Simon Murch mugshotImage source, Staffordshire Police
Image caption,

Simon Murch asked his victim if she wanted him to be her "sugar daddy"

  • Published

A former primary school teacher who raped a 12-year-old girl after meeting her online has been jailed.

Simon Murch, 55, attacked his victim at a hotel in Stoke-on-Trent in June 2023 having driven from his home in Sheffield to meet her.

He later gave her £500 and took her to a toy shop, where she was stopped from purchasing an age-restricted video game.

Murch, from Sheffield, was jailed for seven and a half years after he pleaded guilty to rape at a hearing in September.

Stoke Crown Court heard that prior to the attack Murch had been talking to adult women online after difficulties in his marriage and had met up with some of them for sex.

In the course of this activity he met his victim, who told him she was 18, on the internet and he exchanged indecent images with her, as well as asking her if she wanted him to be her "sugar daddy".

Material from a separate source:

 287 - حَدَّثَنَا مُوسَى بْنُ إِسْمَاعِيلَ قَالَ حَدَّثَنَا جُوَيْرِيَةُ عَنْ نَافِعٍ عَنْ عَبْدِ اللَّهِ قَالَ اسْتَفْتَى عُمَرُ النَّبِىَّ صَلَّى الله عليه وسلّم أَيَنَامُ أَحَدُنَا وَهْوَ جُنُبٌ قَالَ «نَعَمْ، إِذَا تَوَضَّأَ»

The court heard that on 24 June he drove to Stoke to meet her, but left her in his car while he checked into a hotel, where he later raped her.

After the attack, Murch continued to communicate with his victim online, offering to buy her a phone and take her shopping for lingerie.

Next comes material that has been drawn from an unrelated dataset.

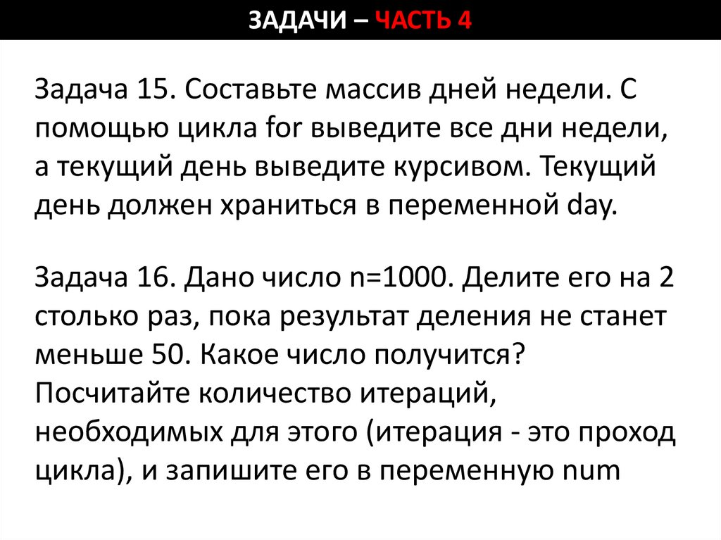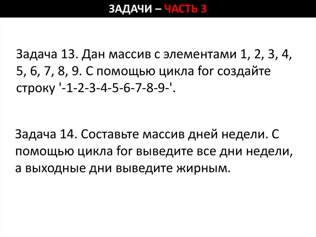 ЗАДАЧИ – ЧАСТЬ 4Задача 15. Составьте массив дней недели. С

The court heard his offending only came to light when the girl relayed the "sugar daddy" comment to a member of staff at her school.

Image source, Allen Cook/BBC
Image caption,

Murch was sentenced at Stoke-on-Trent Crown Court

Passing sentence, Judge Graeme Smith said although Murch would not have known his victim was a child before meeting her "it would have been plain to you when you met her that she was significantly younger than 18".

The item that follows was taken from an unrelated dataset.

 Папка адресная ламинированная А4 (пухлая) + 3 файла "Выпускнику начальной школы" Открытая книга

He added: "But, rather than cancelling the plans you'd made and returning to Sheffield, you simply carried on regardless.

"As a teacher, who would have been subject to safeguarding training, you should have been particularly alert to the risks."

The court heard the victim's family had been "ripped apart" by stress and that she had suffered from anxiety and bullying at school.

The court also heard Murch's wife was divorcing him and he had lost his job at Monteney Primary School in Sheffield as a result of his crime.

Speaking in September Steel City Schools Partnership, which runs Monteney Primary School, said: "We can confirm that this matter does not relate to any child, past or present, within Monteney Primary or Steel City Schools Partnership."

Murch was told he would spend an additional year on licence following his release from prison and made the subject of a sexual harm prevention order.